The “almost Gaussian” integrand is $f(t) = e^{-\pi t^2}$; one can check that $\int^{\infty}_{-\infty} e^{-\pi t^2} dt = 1$. One way is to use the fact that $\int^{\infty}_{-\infty} e^{-x^2} dx = \sqrt{\pi}$ and do the substitution $x = \sqrt{\pi} t$; of course one should be able to demonstrate the fact to begin with. (side note: a non-standard way involving symmetries and volumes of revolution discovered by Alberto Delgado can be found here)

So, during this lecture, Osgood shows that $F(e^{-\pi t^2}) = e^{-\pi s^2}$; that is, this modified Gaussian function is “its own Fourier transform”.

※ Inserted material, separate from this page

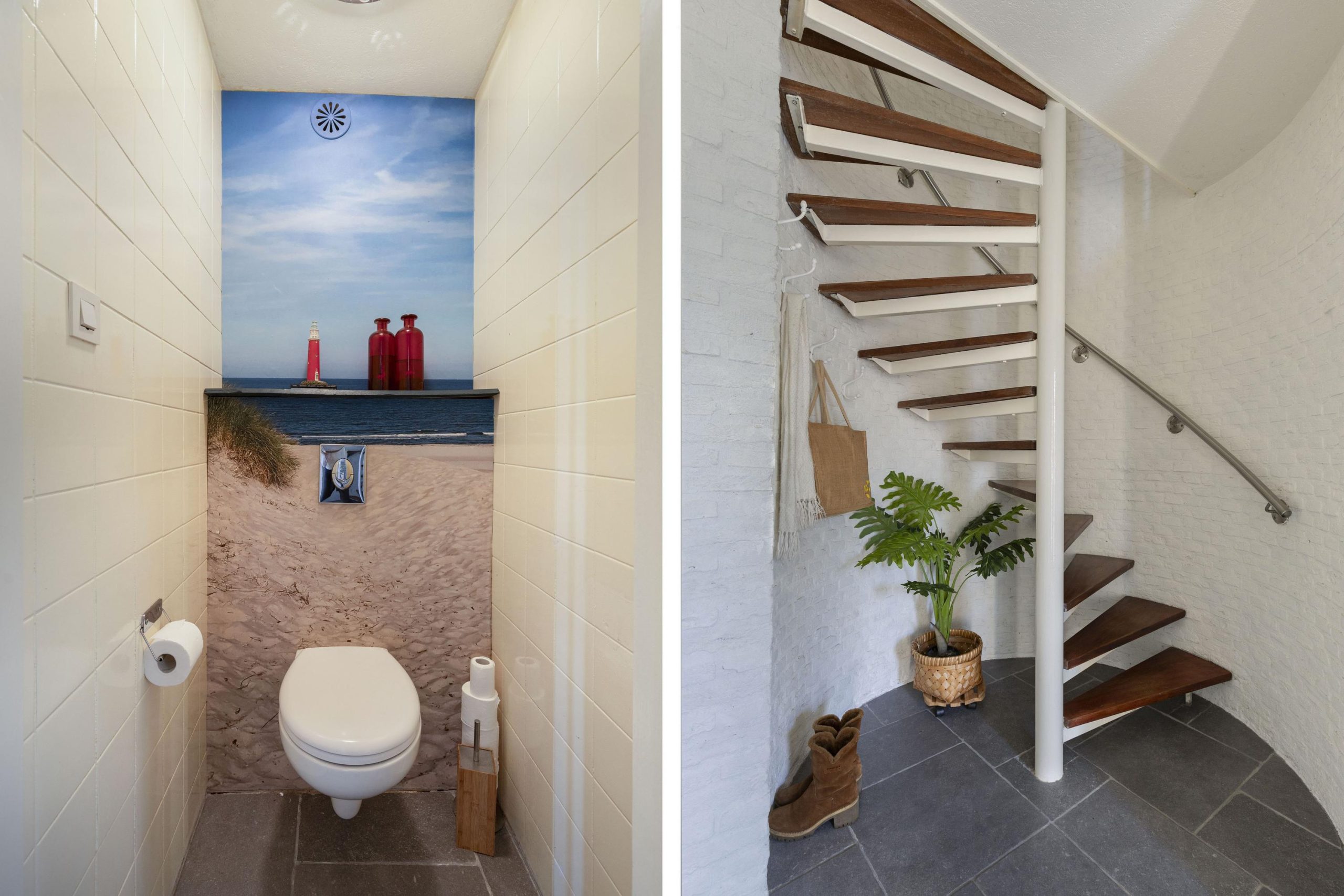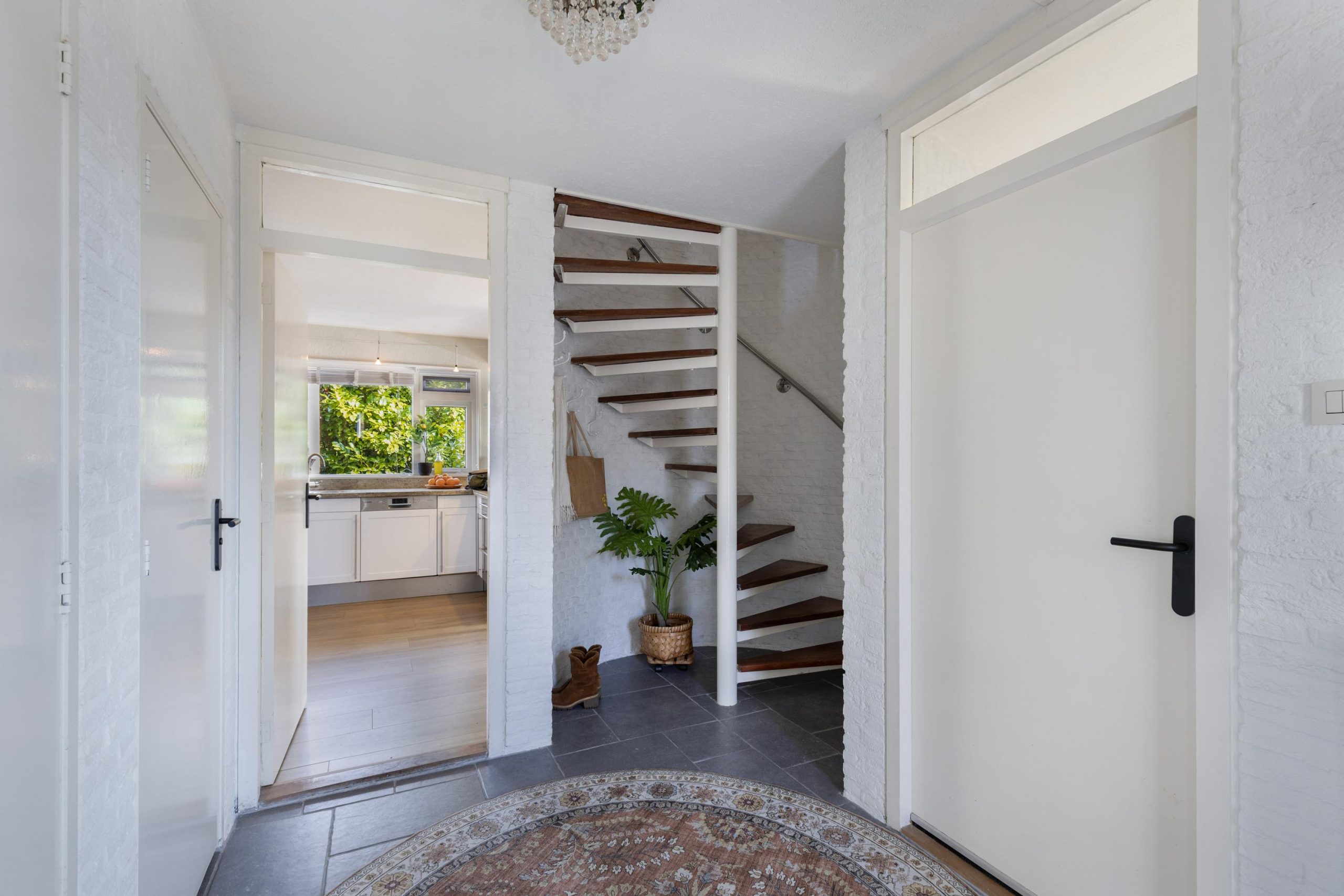 - fraaie ronde trapopgang met spiltrap en rvs-leuning

I’ll sketch out what he did in the lecture at the end of this post. But just for fun (and to make a point) I’ll give a method that uses an elementary residue integral.

Both methods start by using the definition: $F(s) = \int^{\infty}_{-\infty} e^{-2 \pi i ts} e^{-\pi t^2} dt$

Method 1: combine the exponential functions in the integrand:

$\int^{\infty}_{-\infty} e^{-\pi(t^2 +2 i ts} dt$. Now complete the square to get: $\int^{\infty}_{-\infty} e^{-\pi(t^2 +2 i ts-s^2)-\pi s^2} dt$

Now factor out the factor involving $s$ alone and write as a square: $e^{-\pi s^2}\int^{\infty}_{-\infty} e^{-\pi(t+is)^2} dt$

Now, make the substitution $x = t+is, dx = dt$ to obtain:

$e^{-\pi s^2}\int^{\infty+is}_{-\infty+is} e^{-\pi x^2} dx$

Now we show that the above integral is really equal to $e^{-\pi s^2}\int^{\infty}_{-\infty} e^{-\pi x^2} dx = e^{\pi s^2} (1) = e^{-\pi s^2}$

To show this, we perform $\int_{\gamma} e^{z^2} dz$ along the retangular path $\gamma$: $-x, x, x+is, -x+is$ and let $x \rightarrow \infty$

Now the integral around the contour is 0 because $e^{-z^2}$ is analytic.

We wish to calculate the negative of the integral along the top boundary of the contour. Integrating along the bottom gives 1.
As far as the sides: if we fix $s$ we note that $e^{-z^2} = e^{(s^2-x^2)+2si}$ and the magnitude goes to zero as $x \rightarrow \infty$ So the integral along the vertical paths approaches zero, therefore the integrals along the top and bottom contours agree in the limit and the result follows.

Method 2: The method in the video
This uses “differentiation under the integral sign”, which we talk about here.

Stat with $F(s) = \int^{\infty}_{-\infty} e^{-2 \pi i ts} e^{-\pi t^2} dt$ and note $\frac{dF}{ds} = \int^{\infty}_{-\infty} (-2 \pi i t) e^{-2 \pi i ts} e^{-\pi t^2} dt$

Now we do integration by parts: $u = e^{-2 \pi i ts}, dv = (-2 \pi i t)e^{-\pi t^2} \rightarrow v = i e^{-\pi t^2}, du = (-2 \pi i s)e^{-2 \pi i ts}$ and the integral becomes:

$(i e^{-\pi t^2} e^{-2 \pi i ts}|^{\infty}_{-\infty} - (i)(-2 \pi i s) \int^{\infty}_{-\infty} e^{-2 \pi i ts} e^{-\pi t^2} dt$

Now the first term is zero for all values of $s$ as $t \rightarrow \infty$. The second term is merely:

$-(2 \pi s) \int^{\infty}_{-\infty} e^{-2 \pi i ts} e^{-\pi t^2} dt = -(2 \pi s) F(s)$.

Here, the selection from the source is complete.